Negotiating with Iran on a permanent agreement to ensure that it doesn’t develop nuclear weapons is challenging enough. But the Obama administration simultaneously must deal with members of Congress who are determined to impose new economic sanctions on the Islamic Republic that could jeopardize not only the final agreement but also the interim deal reached in Geneva last month, in which Iran agreed to suspend progress on its nuclear program.
In testimony Tuesday before the House Foreign Affairs Committee, Secretary of State John F. Kerry pleaded with Congress not to legislate new sanctions during “a very delicate diplomatic moment.” He’s absolutely right. Congress played a constructive role in approving the existing sanctions that put pressure on Iran to come to the negotiating table. But new sanctions legislation, which probably could be enacted only over a presidential veto, likely would have the opposite effect.

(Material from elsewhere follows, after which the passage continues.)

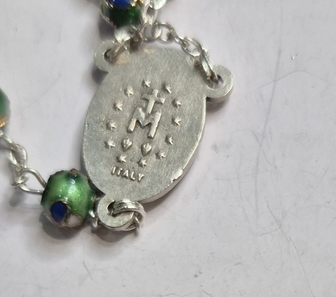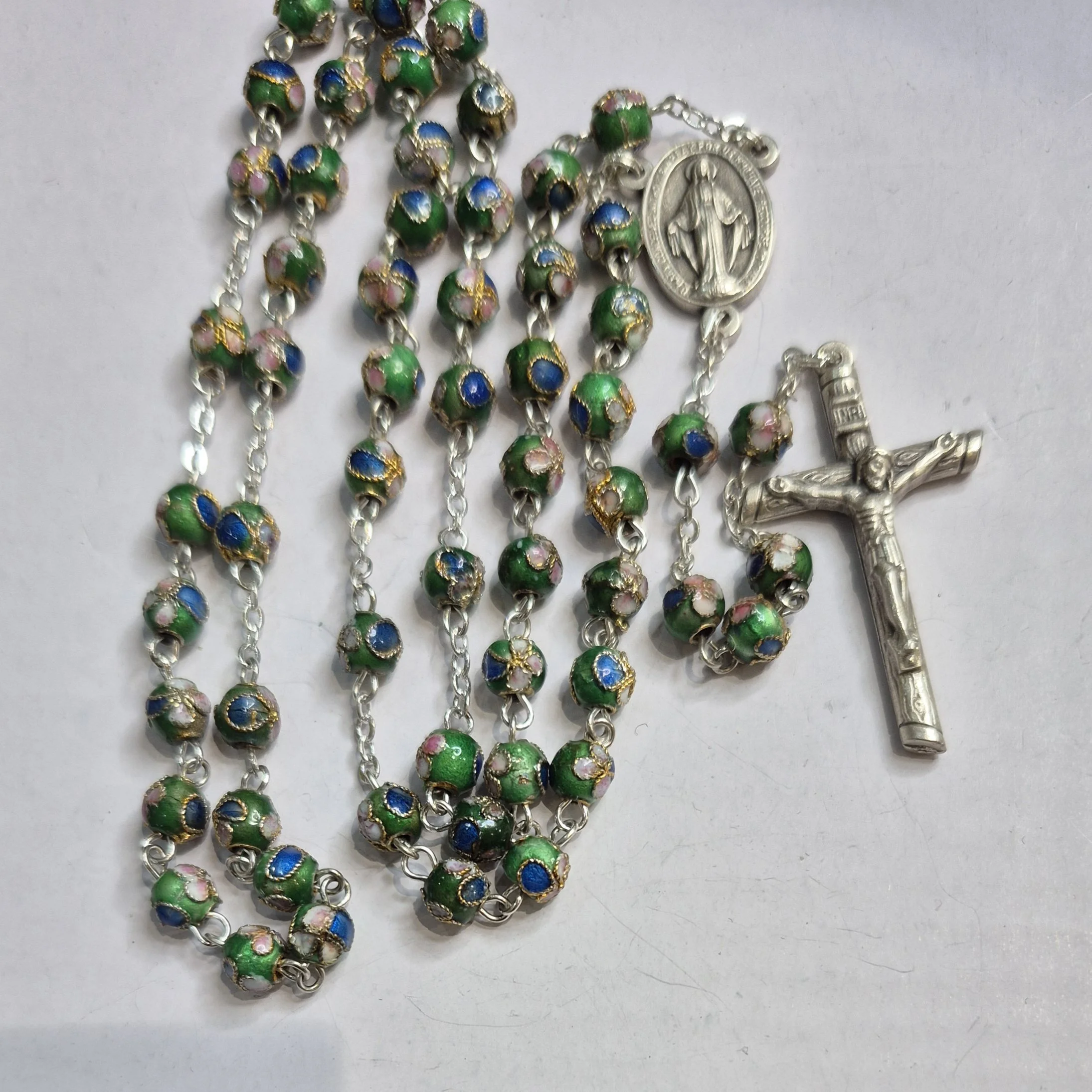 Pretty green Cloisonne rosary beads, centre piece our Lady with neat crucifix finish.
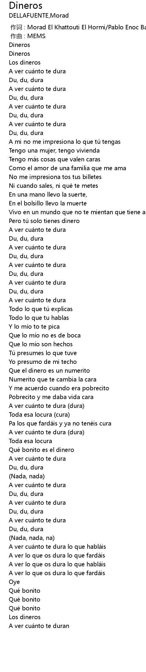| [01:49.56] | A ver cuánto te dura (dura) |

Even when Congress appropriately asserts a role in foreign policy, complaints will be heard from the executive branch about “535 secretaries of State.” But in this situation that criticism is apt. It is Kerry (along with diplomats from other nations) who has been negotiating with the Iranians and has a superior reading of Iranian intentions. Congress should defer to his conclusion that the approval of new sanctions now, even if they were timed to take effect after the six-month period covered by the interim agreement, would derail the talks.
The interim agreement says that the Obama administration, “acting consistent with the respective roles of the president and the Congress, will refrain from imposing new nuclear-related sanctions.” That language could be read to say that the agreement could survive even if sanctions were enacted over a presidential veto. But there is no reason for Congress to test that hypothesis. (Iran’s foreign minister says that if new sanctions are imposed, “the entire deal is dead.”)
Some supporters of sanctions no doubt believe that inflicting further economic pain on Iran will make it more inclined to compromise. Others, however, would be happy if no deal were concluded, because they believe the best and only way to ensure that Iran doesn’t develop a nuclear weapon is through military action or regime change. The U.S. and its partners shouldn’t be willing to accept a deal that falls short of depriving Iran of a nuclear weapon. But as President Obama rightly put it when he announced the interim agreement, “I have a profound responsibility to try to resolve our differences peacefully, rather than rush toward conflict.” Congress should allow him and Kerry to get on with that job.